The American Society of Clinical Oncology (ASCO) data presented by Kalinsky et al. revealed differences in OS between patients treated with palliative treatment via the second line or third line and beyond (13.9 vs. 8.4 months) [18]. Although we did not observe such differences in our study, this aspect should be reported in other RWSs.

In our patients with a known radiological response, the ORR was 35%, mirroring data from clinical trials [6] and other RWSs [13, 14]. The median time to achieving a response was 2 months in our study, which was slightly longer than the 1.5 months reported in the ASCENT trial, likely due to differences in the timing of the first radiological assessment [6].

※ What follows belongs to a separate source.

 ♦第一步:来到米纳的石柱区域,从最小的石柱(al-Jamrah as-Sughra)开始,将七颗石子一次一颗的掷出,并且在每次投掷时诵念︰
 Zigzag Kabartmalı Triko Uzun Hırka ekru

In our study, dose reduction was necessary for 25.3% of patients, primarily due to neutropenia. In other RWSs, 17–54% of patients required dose modifications [13,14,15,16], while in the ASCENT trial, this percentage was 22% [6]. Only 2.5% of patients in our cohort discontinued treatment due to AEs, and this percentage is consistent with other scarce available data (1–7%) [13,14,15,16] and registration trials [6].

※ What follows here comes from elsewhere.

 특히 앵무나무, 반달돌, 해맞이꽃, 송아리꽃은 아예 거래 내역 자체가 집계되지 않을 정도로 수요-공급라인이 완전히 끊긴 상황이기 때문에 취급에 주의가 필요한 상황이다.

There are significant differences in reporting safety data in published RWSs. Not only do the results differ in the frequency of different AEs reported, but the method of reporting these data also varies [13,14,15,16]. Our data regarding the most frequent treatment-related AEs of grade > 2 were consistent with clinical trial results and RWS, including neutropenia in 43% of patients (51% in the ASCENT trial [6], approximately 30% in the RWS trial) [13, 14, 16]) and anemia in 10% (8% in the ASCENT trial). Similarly, a study published by Caputo et al. reported a numerically lower incidence of diarrhea (4%) [13] (10% in the ASCENT trial and as high as 15–19% in some other RWSs)[15, 16]) and febrile neutropenia (3%, 6% in the ASCENT trial) [6]. We also noted a 5% incidence of grade 3 or higher platelet count decrease.

Alopecia of any grade was reported in 34% of patients. There is a wide range in the incidence of this complication: 46% in the ASCENT trial, 91% reported by Reinisch et al., and 67% by Caputo et al. [6, 13, 16]. Some RWSs did not report on this AE [14, 15]. It is possible that the reporting of this AE, which is not treatment-limiting toxicity, could be underrepresented in our cohort.

This study is subject to various constraints that warrant attention. First, the relatively small sample size restricts the depth of subgroup analyses and precludes adjustments based on important patient characteristics. Second, its partially retrospective design hinders the establishment of causal relationships between variables. These are typical limitations of RWSs.

Moreover, the absence of a comparative group prohibits direct comparisons with standard chemotherapy and impedes the assessment of the relative efficacy of SG. Additionally, the lack of data on previous medication, including granulocyte colony-stimulating factor (G-CSF) application, underscores a notable gap in our understanding of its impact on treatment outcomes. We plan to gather these data to explore its influence on treatment outcomes and safety issues. We have not assessed TROP-2 expression in our population, so we cannot elaborate on the relationship between TROP-2 expression and SG efficacy.

Data regarding PD-L1 status were not collected. This is because the majority of patients received their first-line treatment for TNBC before the reimbursement of chemo-immunotherapy with pembrolizumab in Poland, and therefore, CPS assessment was not conducted. In addition, chemo-immunotherapy with atezolizumab has never been reimbursed in Poland.

Furthermore, the study's limited scope, confined to investigational sites in Poland, raises concerns about the generalizability of the findings to broader populations and other healthcare settings. These limitations highlight the need for further research. Addressing these gaps through larger-scale studies, comprehensive data collection, and meticulous control of confounders will provide a more nuanced understanding of the real-world effectiveness and safety profile of SG.